KNGT

Lake Charles, Louisiana; United States;
- Broadcast area: Southwest Louisiana Southeast Texas
- Frequency: 99.5 MHz
- Branding: Gator 99.5

Programming
- Format: Country
- Affiliations: Compass Media Networks New Orleans Saints Radio Network

Ownership
- Owner: Townsquare Media; (Townsquare License, LLC);
- Sister stations: KHLA, KJMH, KLCL, KTSR

History
- First air date: November 8, 1965 (as KPLC-FM)
- Former call signs: KPLC-FM (1965–1982) KHEZ (1982–1983) KHEZ-FM (1983–1985) KHLA (1985–2002) KBXG (2002–2005)
- Call sign meaning: "Gator" (branding)

Technical information
- Licensing authority: FCC
- Facility ID: 53643
- Class: C0
- ERP: 100,000 watts
- HAAT: 357 meters (1,171 ft)

Links
- Public license information: Public file; LMS;
- Webcast: Listen Live
- Website: gator995.com

= KNGT =

KNGT (99.5 FM, "Gator 99.5") is an American radio station licensed to Lake Charles, Louisiana, United States, broadcasting a country music format. The station is currently owned by Townsquare Media. The station is home to Mike Soileau and Scotty Schadler in the Morning, Middays with Jess, and Chaston in the Afternoon. KNGT is one of three country stations in Lake Charles.
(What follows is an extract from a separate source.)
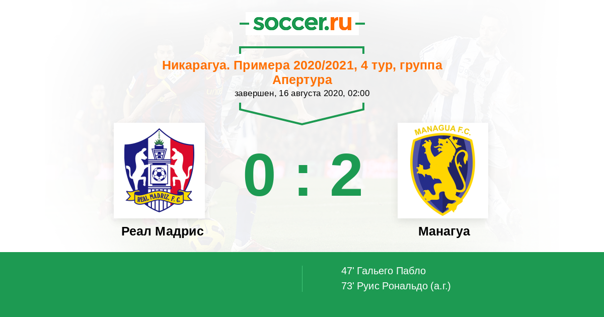 Реал Мадрис - Манагуа: обзор матча 16 августа 2020

The station broadcasts from the KVHP TV tower 5 miles northwest of Edgerly, and its studios are located northwest of downtown Lake Charles.

The station adopted the country format in 2002 as K-BIG 99 with call letters KBXG. In 2005 the station switched to gator 99.5 with call letters KNGT. From 1985 to 2002 the station had an adult contemporary format as LA 99 with call letters KHLA.